GenericDb - GeneMANIA/pipeline GitHub Wiki

GENERIC DB

GENERIC_DB is a tabular text-only format for processed organism data. The data is organized as a set of files under the result/generic_db/ folder, described below.

These files may be useful for ad-hoc analysis and troubleshooting of the build process, since its plain text vs the binary formats of the final data files used in by the GeneMANIA application. They are also used as inputs to the programs that compute those final binary products.

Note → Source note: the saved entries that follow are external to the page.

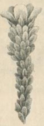
ARETHA caulibus teretibus, foliis imbricatis, floribus sessilibus.
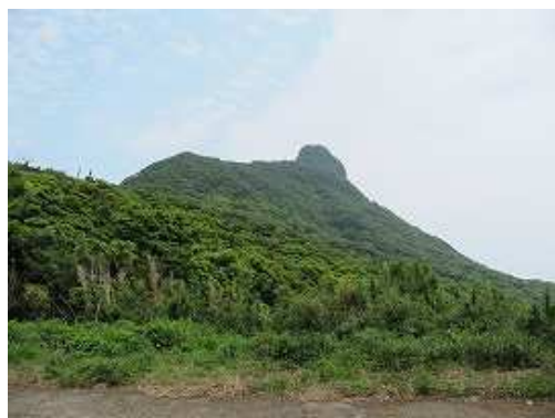
13:40 駐車場から望む志々伎山
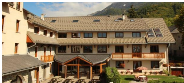
Chalet les Prés Jaunes

Vous serez reçu dans un bâtiment de type hôtelier avec un point phone et le WIFI.
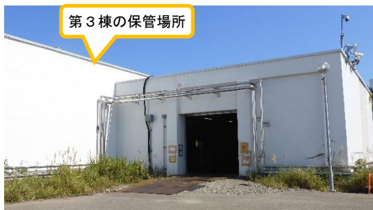
(写真 3 - 1) 第 3 棟の状況 (入口付近)
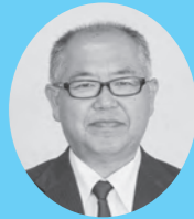
梅雨期及び台風期における 内水被害対策について
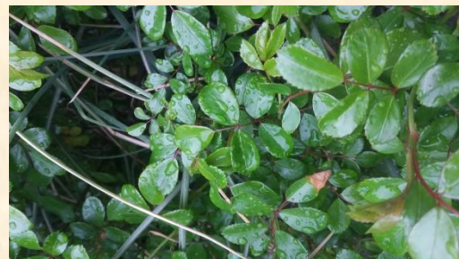
Auf den Rosenblättern stehen die Regenperlen.

Um 11 Uhr beginnt es anhaltend zu regnen. Auch um 14 Uhr regnet es noch – ein andauernder, sanfter Landregen hat eingesetzt.
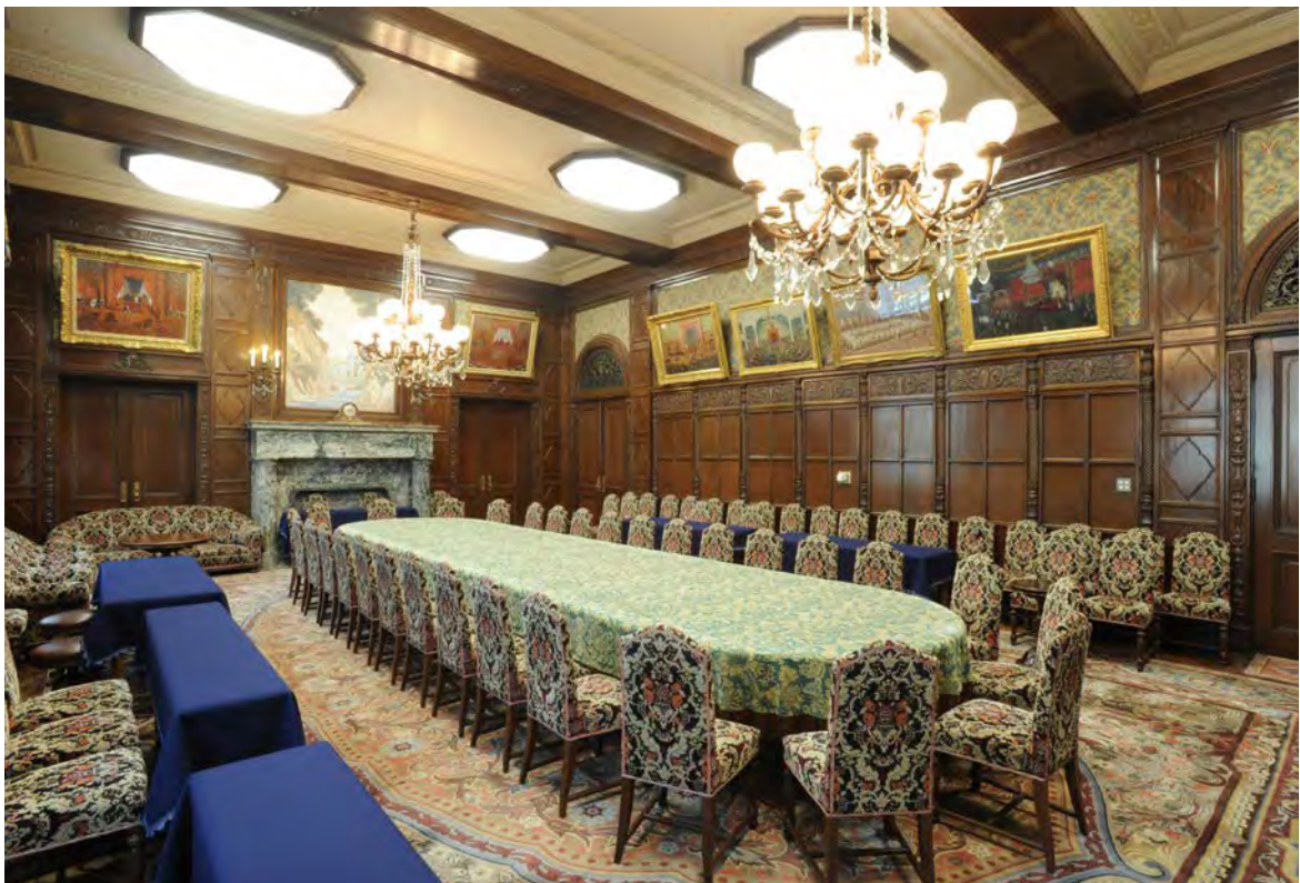
参议院议长接待室

However they are intended as an internal intermediate, we reserve the right to change the format, and so it isn't suitable for external dependencies.

Historically, this data populated a SQL database, with each file (apart from the bulk interaction data) represented by a table. The organization of the fields in the text files are reminiscent of this SQL structure, resembling for example foreign keys etc. A SQL database is no longer used however, being replaced with an index built with apache lucene.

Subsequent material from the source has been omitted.